You then define a cone on the functor $X: I \to Set$, with vertex $\cap_{i \in I} X_i$ and legs $\iota_i$, and verify that this is indeed a cone. Great.
Next you verify the universal property, which I think looks good modulo the one significant issue of your post which I come to next.
The only real issue is the following. In the hypotheses, you never stipulated that the family of sets $(X_i)_{i \in I}$ be downward directed in the sense that for every $i,j \in I$ there exists $k$ with $X_k \subseteq X_i \cap X_j$. But you use this assumption in your proof of the universal property, when you produce the index $k$.
So what you've shown is that if $(X_i)_{i \in I}$ is a family of subsets of $X$ which is downward-directed, then $\varprojlim_{i \in I} X_i = \cap_{i \in I} X_i$. This is good. Without the hypothesis that $(X_i)_{i \in I}$ be downward-directed, the statement would be false in general. For example, suppose that $I = \{1,2\}$ and neither $X_1$ nor $X_2$ is contained in the other. Then $I$ is a discrete poset with the $\leq$ order you define, and $\varprojlim_{i \in I} = X_1 \times X_2$, which of course is typically different from $X_1 \cap X_2$.
Some related notes:
In the usage I'm familiar with, the terms "inverse limit" and "projective limit" are ambiguous.
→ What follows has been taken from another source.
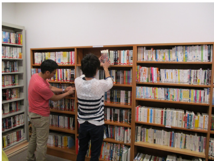
図書室の棚の改修作業

図書室の棚の改修作業と、会議室に集まって夏まつり（小児病棟）のうちわ作りと院内コンサートで患者さんにお配りする折り紙作りをお願いしました。

Sometimes they mean (1) "limit indexed by a downward-directed poset" (or more generally, "limit indexed by a co-filtered category"), but sometimes they mean more generally (2) "limit indexed by an arbitrary category". I think that at least nowadays most people tend to just say "limit" when they mean (2), so that the usage (1) is more common, but it's something to watch out for.
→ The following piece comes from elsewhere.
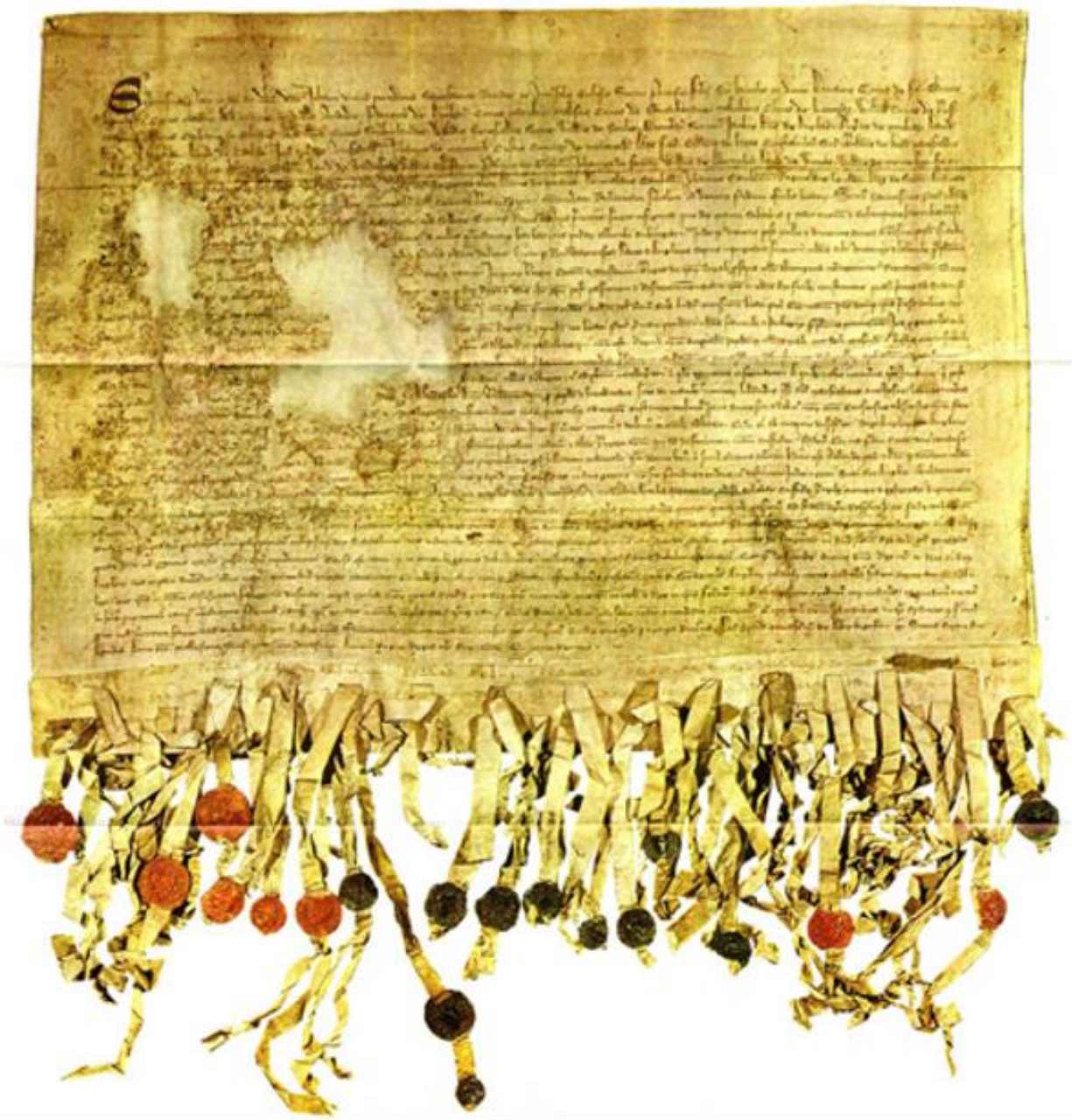
Declaration of Arbroath, 1320. This letter from the Scottish earls and barons asked the pope Johannes XXII to persuade king Edward II to recognize the freedom of the nation of the Scots. Some fifty seals were affixed, mostly at one time, but eleven were added later. Less than the half of the seals survive, but these show that the seals were intended to be in the order of the names on the document, the first half in red wax, the second in green. Scottish Record Office.

In general the limit $\varprojlim_{i \in I} X_i$ can change depending what category you regard the assignment $i \mapsto X_i$ as taking values in. Let's go back to the example where $I = \{1,2\}$ is discrete. If you regard the assignment $i \mapsto X_i$ as taking values in the category $Set$, then as remarked above, you get $\varprojlim_{i \in I} X_i = X_1 \times X_2$, the cartesian product. But instead, you might regard $i \mapsto X_i$ as a functor $I \to Set/ X$, where $Set / X$ is the slice category, i.e. the category where an object is a set $Y$ equipped with a map $Y \to X$, and a morphism is a map $Y \to Y'$ making the obvious diagram commute. If you do this, then you do end up getting $\varprojlim_{i \in I} X_i = X_1 \cap X_2$. Similarly, if you regard $i \mapsto X_i$ as taking values in the poset $Sub(X)$ of subsets of $X$ and inclusions (note that this is a full subcategory of $Set/X$), then you again get $\varprojlim_{i \in I} X_i = X_1 \cap X_2$.
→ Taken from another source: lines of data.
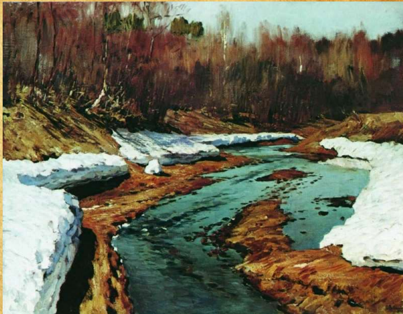
«Весна. Последний снег» 1895 год

И если учитель просил ответить, шумит на его картине дуб или не шумит, Левитан не только не удивлялся вопросу, но и очень скоро начал понимать, как живописными средствами добиться того, чтобы дуб – шумел, берёза волновалась, а природа в целом – жила, печалилась и радовалась.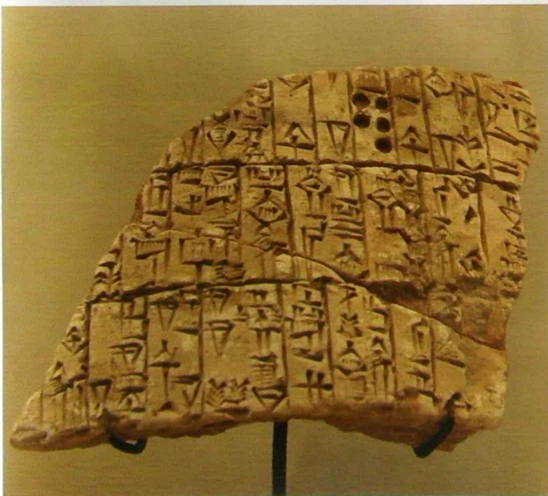
Fragment z jílového kužele s částí přepisu „Code Urukagina“ – reformou krále Urukagina pochází z 2380–2360 př. n. l.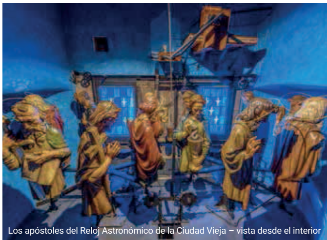
Los apóstoles del Reloj Astronómico de la Ciudad Vieja – vista desde el interior

El Reloj Astronómico se compone de varias partes; además de los cuadrantes astronómico y de calendario, cuenta con el mecanismo de los doce apóstoles, que aparecen en dos pequeñas ventanas al dar cada hora. La capilla en el primer piso del ayuntamiento permite ver el “paseo de los apóstoles” desde el interior.

Similarly, the limit can change depending on what we regard the morphisms of $I$ as being, so it's good that you were explicit about this. An exception is when we compute limits in a category which is a preorder. In this case, $\varprojlim_{i \in I} X_i$ is the greatest lower bound of the $X_i$'s (either existing if the other does), and it doesn't matter what category structure you regard $I$ as having for this to be true.